* [Try it]: Pictures are to be left out, and only the lines below starting at the one with "Orbit eTOG Listing" and ending at the one with "聯(lián)歡會演出在歡快" are to be reproduced, each exactly, both ends included.

* [Exercise inputs]:

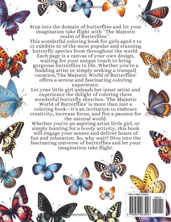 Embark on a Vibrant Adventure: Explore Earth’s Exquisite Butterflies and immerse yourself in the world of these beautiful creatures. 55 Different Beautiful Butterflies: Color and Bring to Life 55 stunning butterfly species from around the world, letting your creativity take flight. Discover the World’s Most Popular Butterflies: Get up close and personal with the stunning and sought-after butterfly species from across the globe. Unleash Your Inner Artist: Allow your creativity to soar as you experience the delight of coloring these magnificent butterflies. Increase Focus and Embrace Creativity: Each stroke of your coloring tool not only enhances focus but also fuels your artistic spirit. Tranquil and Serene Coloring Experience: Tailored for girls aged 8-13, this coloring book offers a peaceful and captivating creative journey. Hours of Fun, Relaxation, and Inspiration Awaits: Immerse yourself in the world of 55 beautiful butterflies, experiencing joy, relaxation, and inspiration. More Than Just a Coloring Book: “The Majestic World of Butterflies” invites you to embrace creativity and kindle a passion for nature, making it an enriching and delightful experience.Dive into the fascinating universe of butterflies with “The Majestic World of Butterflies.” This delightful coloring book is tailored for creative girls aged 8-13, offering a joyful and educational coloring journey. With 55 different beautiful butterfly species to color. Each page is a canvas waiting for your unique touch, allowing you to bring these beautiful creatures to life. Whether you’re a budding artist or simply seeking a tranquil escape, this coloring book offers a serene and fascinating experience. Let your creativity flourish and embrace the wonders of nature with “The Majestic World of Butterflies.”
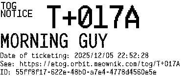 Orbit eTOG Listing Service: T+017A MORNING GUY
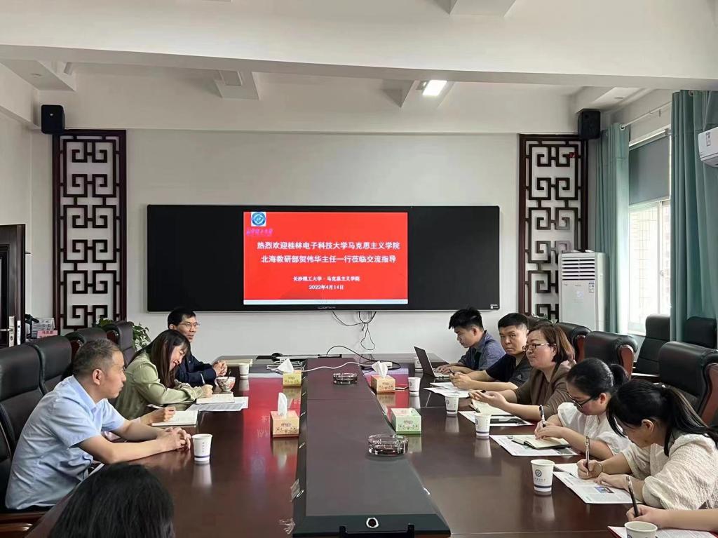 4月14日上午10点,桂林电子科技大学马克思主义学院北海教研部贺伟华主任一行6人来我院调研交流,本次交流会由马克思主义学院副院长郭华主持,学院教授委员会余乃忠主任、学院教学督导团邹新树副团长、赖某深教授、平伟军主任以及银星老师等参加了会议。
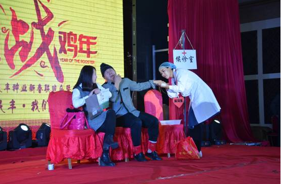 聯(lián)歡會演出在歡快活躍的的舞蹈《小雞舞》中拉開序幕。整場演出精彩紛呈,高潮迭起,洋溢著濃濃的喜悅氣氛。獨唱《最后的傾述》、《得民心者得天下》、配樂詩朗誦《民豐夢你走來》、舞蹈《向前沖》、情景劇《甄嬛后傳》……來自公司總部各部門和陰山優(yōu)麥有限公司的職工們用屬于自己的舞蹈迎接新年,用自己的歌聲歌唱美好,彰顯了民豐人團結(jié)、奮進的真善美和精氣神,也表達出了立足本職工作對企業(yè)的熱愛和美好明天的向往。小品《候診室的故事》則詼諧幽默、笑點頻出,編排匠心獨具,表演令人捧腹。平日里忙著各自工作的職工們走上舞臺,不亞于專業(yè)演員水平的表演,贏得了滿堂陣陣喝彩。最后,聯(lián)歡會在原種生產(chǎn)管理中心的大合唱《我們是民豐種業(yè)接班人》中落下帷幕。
==
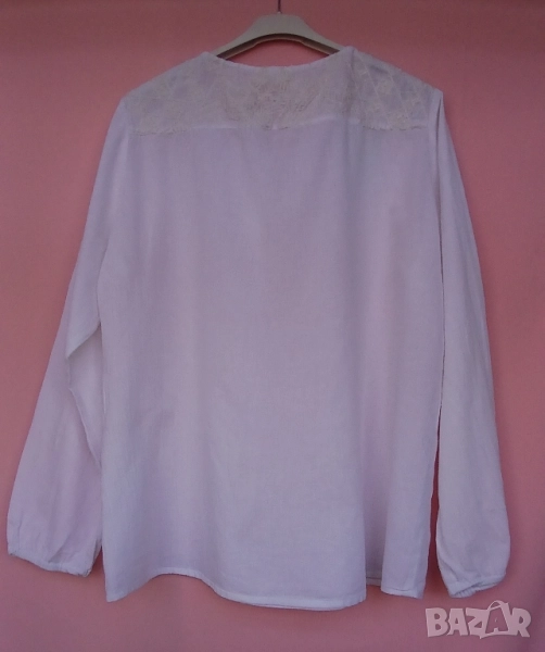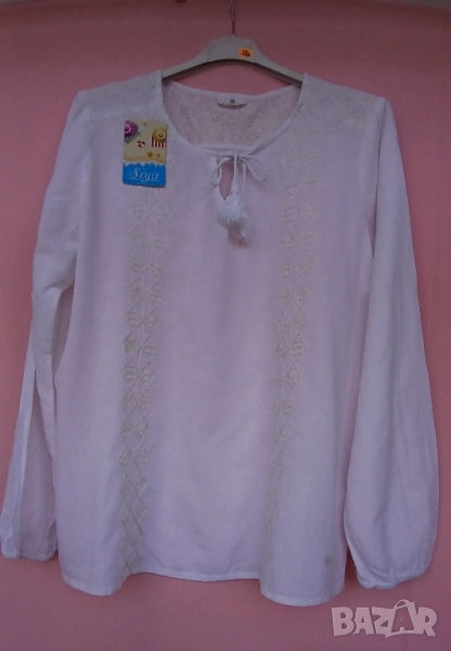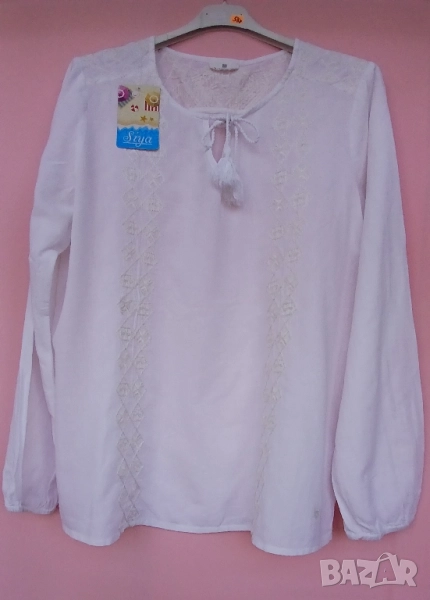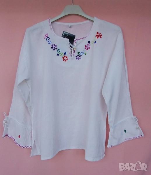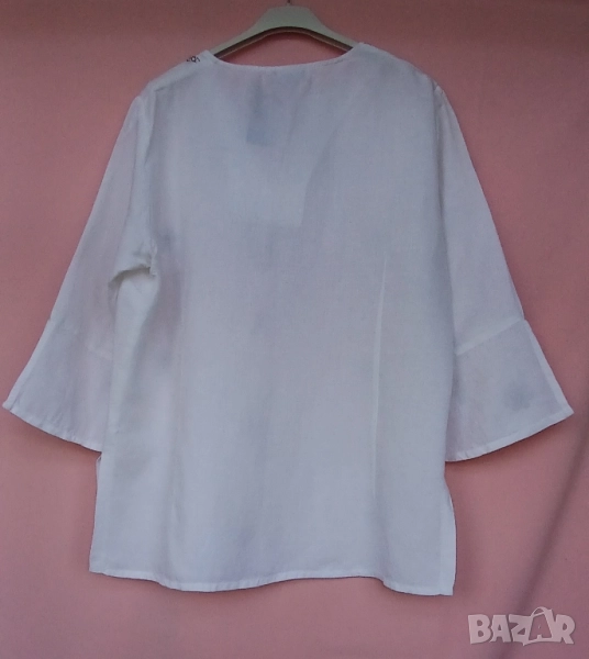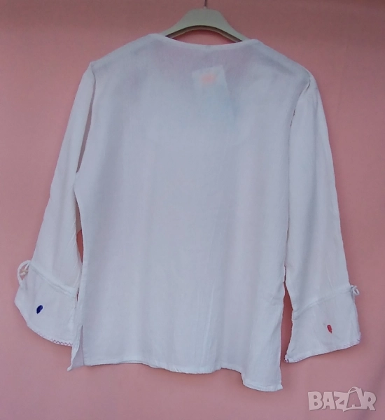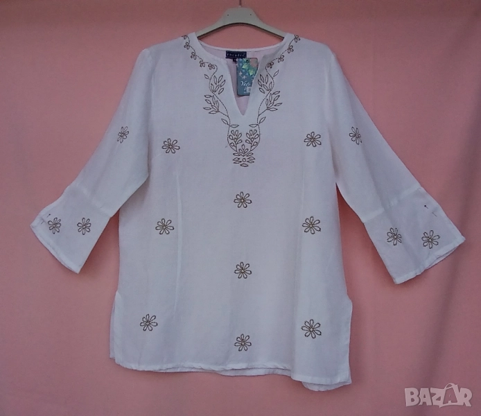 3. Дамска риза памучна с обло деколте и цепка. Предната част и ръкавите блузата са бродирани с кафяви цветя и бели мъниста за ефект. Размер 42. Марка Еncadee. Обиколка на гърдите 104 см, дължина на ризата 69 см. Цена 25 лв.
* * *
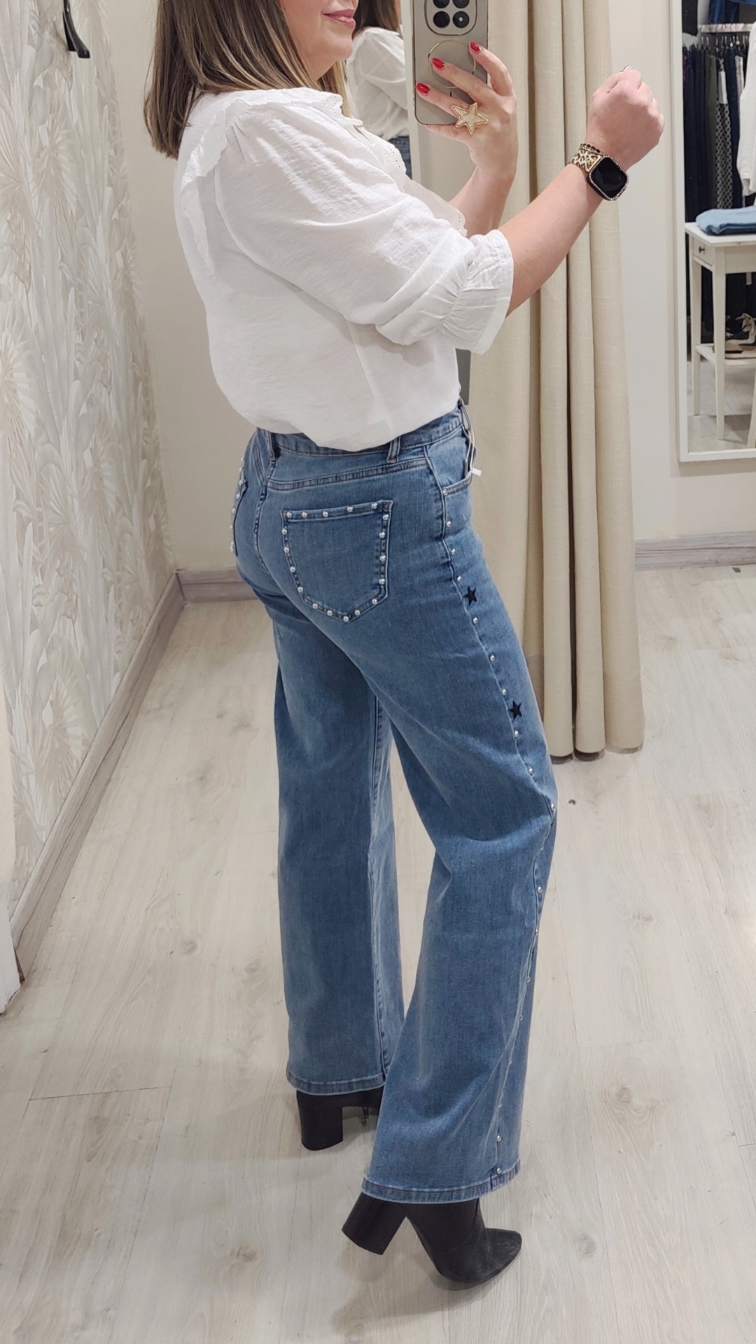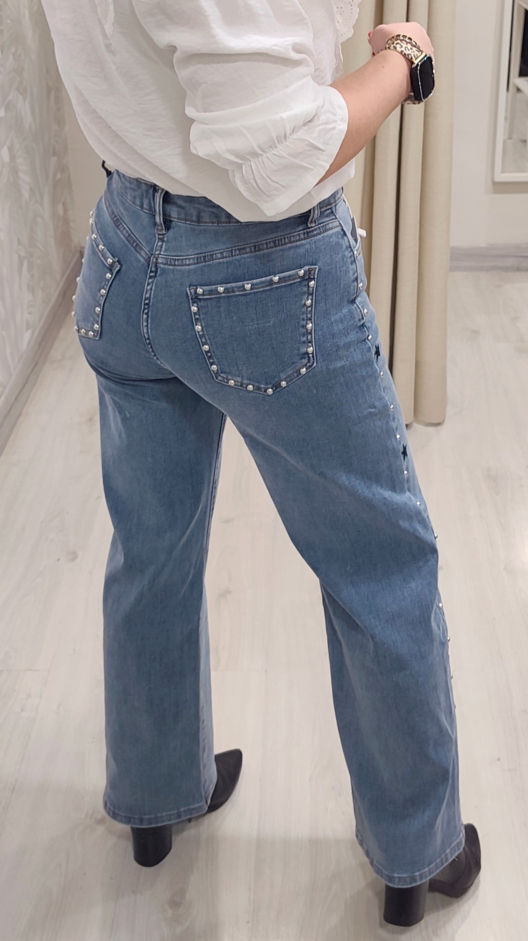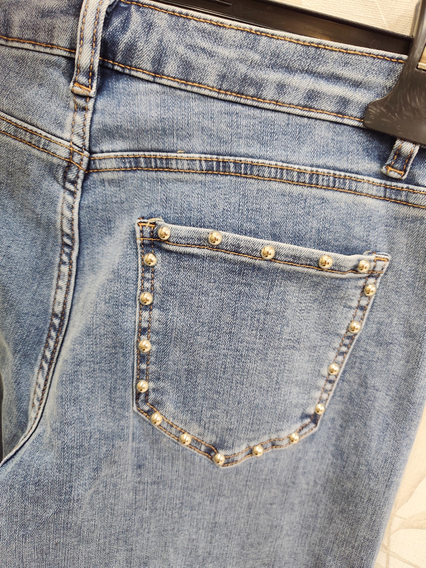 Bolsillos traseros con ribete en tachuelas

* [Task result]:
 Orbit eTOG Listing Service: T+017A MORNING GUY
 4月14日上午10点,桂林电子科技大学马克思主义学院北海教研部贺伟华主任一行6人来我院调研交流,本次交流会由马克思主义学院副院长郭华主持,学院教授委员会余乃忠主任、学院教学督导团邹新树副团长、赖某深教授、平伟军主任以及银星老师等参加了会议。
 聯(lián)歡會演出在歡快活躍的的舞蹈《小雞舞》中拉開序幕。整場演出精彩紛呈,高潮迭起,洋溢著濃濃的喜悅氣氛。獨唱《最后的傾述》、《得民心者得天下》、配樂詩朗誦《民豐夢你走來》、舞蹈《向前沖》、情景劇《甄嬛后傳》……來自公司總部各部門和陰山優(yōu)麥有限公司的職工們用屬于自己的舞蹈迎接新年,用自己的歌聲歌唱美好,彰顯了民豐人團結(jié)、奮進的真善美和精氣神,也表達出了立足本職工作對企業(yè)的熱愛和美好明天的向往。小品《候診室的故事》則詼諧幽默、笑點頻出,編排匠心獨具,表演令人捧腹。平日里忙著各自工作的職工們走上舞臺,不亞于專業(yè)演員水平的表演,贏得了滿堂陣陣喝彩。最后,聯(lián)歡會在原種生產(chǎn)管理中心的大合唱《我們是民豐種業(yè)接班人》中落下帷幕。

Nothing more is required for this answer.